A team of archaeologists has discovered the oldest known pet cemetery on record — a nearly 2,000-year-old burial ground filled with well-loved animals, including the remains of cats and monkeys still wearing collars strung with shell, glass and stone beads, at the port of Berenice on the Red Sea coast of Egypt a decade ago.
The head of the research, Marta Osypińska, a zooarchaeologist from the Polish Academy of Sciences in Warsaw, explains that although the ancient Egyptians used to mummify animals to honour the gods, in this case, it is an unusual place since, unlike other cemeteries where the animals had died from starvation or a snapped neck, in this case there is no mummy and no signs were found that the animals had died from some type of human violence, which leads them to think that they were pets.
“There are old, sick and deformed animals that had to be fed and cared for by someone,” Osypińska explains to Live Science.
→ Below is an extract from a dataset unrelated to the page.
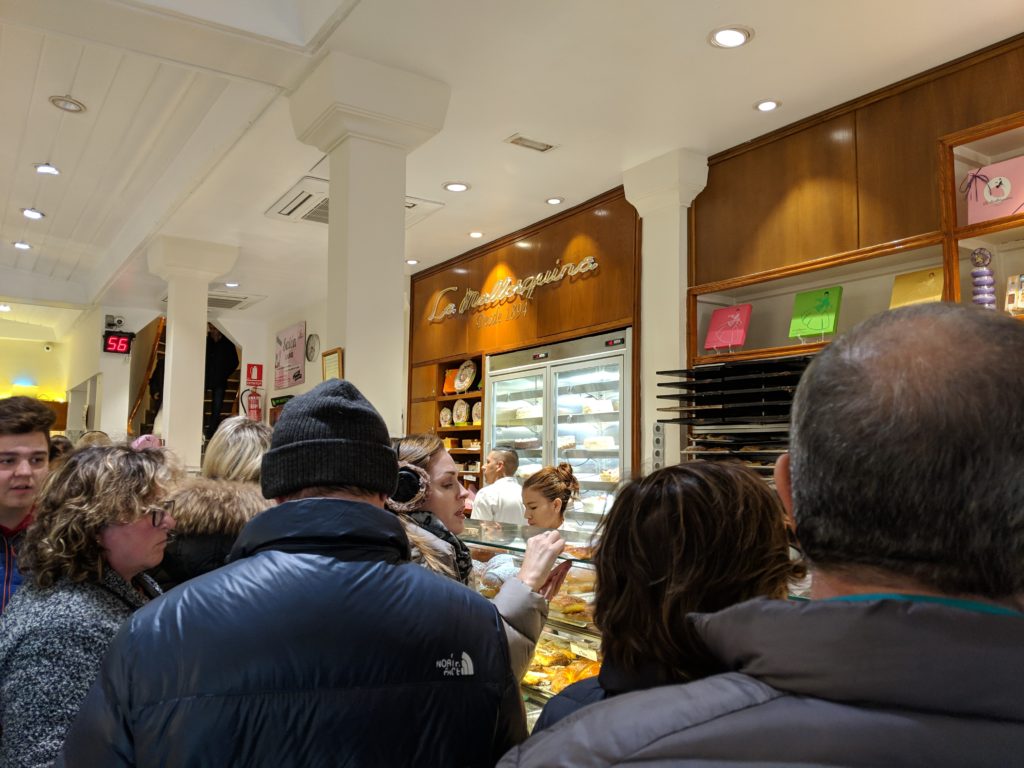 For another dessert that’s acceptable as breakfast, try a napolitana de crèma (or) chocolate from La Mallorquina. They’re essentially Spanish croissants and I’d even go so far as to say I like the napolitana de chocolate more than a traditional French pain au chocolate – they have a much better chocolate to bread ratio. As we joined the queue, I almost felt like I was in Chinatown: people just crowded in and those grandmas had no qualms about cutting in front of you! Stand your ground though, the napolitanas are worth it; we went back the very next day for more.

They were not animals that were functional for work but required attention. “Most of the animals were buried very carefully. The animals are placed in a sleeping position — sometimes wrapped in a blanket, sometimes covered with dishes” she adds.
In one case, a macaque monkey was buried with three kittens, a grass basket, cloth, vessel fragments (one of which covered a young piglet) and “two very beautiful Indian Ocean shells stacked against its head,” Osypińska said. “So, we think that in Berenice the animals were not sacrifices to the gods, but just pets.”
Dated in the first and second centuries A.D. during Egypt’s early Roman period, archaeologists discovered the pet cemetery by accident. According to this scientific medium, for years researchers have excavated the outskirts of Berenice because there is an ancient dump filled with rubbish from Egyptian society. In 2011, the team began finding small animal remains in one area, so they looped in Osypińska because of her speciality in zooarchaeology.
“It turned out to be dozens of cat skeletons,” she said. In fact, of the 585 animals they excavated, 536 were cats, 32 dogs, 15 monkeys, one fox and one falcon. None of the animals was mummified, but some were placed in makeshift coffins. For instance, one large dog “was wrapped in a mat of palm leaves and someone had carefully placed two halves of a large vessel (amphora) on his body,” just like a sarcophagus, Osypińska said.
Just like some pets today, these animals may have worked for their owners, Osypińska said. For instance, cats may have been mousers and the dogs could have helped guard and hunt. But a few of the animals were deformed, meaning they likely couldn’t run. “Someone fed and kept such a ‘useless’ cat,” Osypińska said. Her team also found dogs, some nearly toothless, that made it to old age, and three “toy dogs,” smaller than cats, that were likely too small to work.
The importance they gave to animals at that time is given because many of them were wrapped with fine fabrics or ceramic pieces that formed a kind of sarcophagus. The cats, which accounted for 90% of the total remains, wore iron collars or beaded necklaces, “sometimes very precious and exclusive,” Osypińska said. An ostracon, a piece of ceramic with text — like an “antique text message” — found at the site had a note from when some pet cats were still alive, telling an owner not to worry about the cats, because someone else was taking care of them, she added.
Thus, in summary, the new study based on the discoveries at Berenice allows putting to the test the dominant theses in scientific discourse on the human-animal relationship in ancient times since there is numerous strong archaeozoological, veterinary and textual evidence that clearly indicates that people who lived here nearly two thousand years ago cared for non-utilitarian animals in a similar way to today, a relationship in which the animals could have provided emotional companionship.